Now that we declared a new version of the previous function, we will now see what it looks like.

In [111]:
# Now lets save the top most popular word by day into their own column
DummyDataframe = DummyDataframe.apply(lambda x: most_popular_hashtag_percent(x, "Hashtag"), axis = 1)

# Print out the first 5 entry
DummyDataframe

Unnamed: 0_level_0,Hashtag,most_popular_hashtag,popular_hashtag_percent
Date,Unnamed: 1_level_1,Unnamed: 2_level_1,Unnamed: 3_level_1
2018-01-01,"[Twitter, Twitter, New2018, JupyterLearning, T...",Twitter,41.67
2018-02-01,"[Twitter, New2018, Twitter, New2018, JupyterLe...",Twitter,45.45
2018-03-01,"[Twitter, New2018, Twitter, New2018, Twitter, ...",Twitter,45.45


As you can see we now have a percent assoicated with the most popular hashtag. Therefore giving us more insight on how "popular" the most popular hashtag is overall.

## Saving our results

Now that we have our results we want to save what we have done. However this is different than what was done in previous notebooks. The reason for this is because we have been using "list" to store the results. When this is converted into a CSV it will be saved as it appears in the panda dataframe. This is problematic when loading the csv back in. This is because when we are loading the csv the program does "not know" that it is suppose to be a "list". Therefore we are going to have to alter the save function made in TATR Panda and CSV of Tweets. Therefore we are going to use the same "save" function (with a slight modification for index), however we are going to change out load function.

Using the function "ast.literal_eval" we can interpret the string of character as a list. 

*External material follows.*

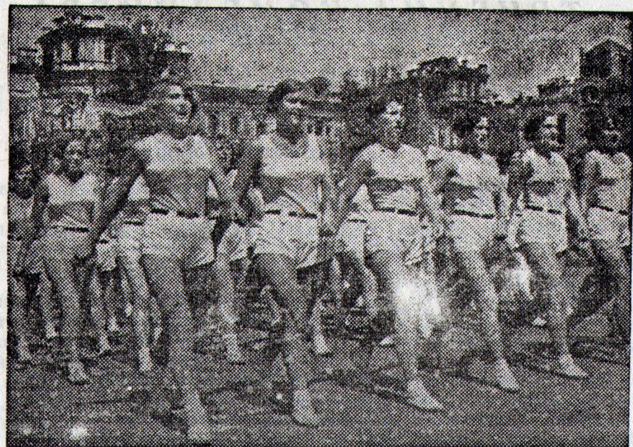
24 июня трудящиеся Киева отметили грандиозным факельным парадом вторую годовщину передела Украинской столицы в Киев. На снимке: прохождение колонны физкультурниц.

Отряд в 150 повстанцев 28 июня напал на полицейское управление в Цингуйшане, расположенный по железной дороге Андун—Мукей. Тяжело ранены двое японских полицейских. К месту нападения посланы японские войска из Финчэна. Газета «Асахи» сообщает, что в Пограичанью обстрел неизвестных подтвердился 4 японских офицера, из которых два убиты.

To find out more about this function see:
* https://docs.python.org/2/library/ast.html

In [124]:
'''
Save the dataframe into a file

:dataframe: The dataframe that is being saved
:name_of_file:    The name of the CSV file you wish to save it as
:index: If you want to save the index set to true
'''
def save_frame_to_CSV(dataframe, name_of_file, index_save):
    
    print("Begin saving dataframe into a csv...\n")
    
    # Attach the CSV file extendsion to the name
    name = name_of_file + ".csv"
    
    # Convert the dataframe into a CSV that is seperated by commas
    # Remove "index=False" if you want to save the index
    dataframe.to_csv(name, sep=',', encoding='utf-8', index=index_save)
    
    print("Finish and saved into " + name + "\n")

In [160]:
'''
Similar to the old load csv file before except this converts the list present in the csv back into list objects to be used
Parameters:

:dataframe: The dataframe that is being saved
:name_of_file:    The name of the CSV file you wish to save it as
:csv_file_name   = Name of the file to load
:colList         = Which columns that are a list
'''
def read_CSV_file_convert (csv_file_name, colList, convertList):
    
    # Create the function to convert to a list
    string_to_list = lambda x: ast.literal_eval(str(x))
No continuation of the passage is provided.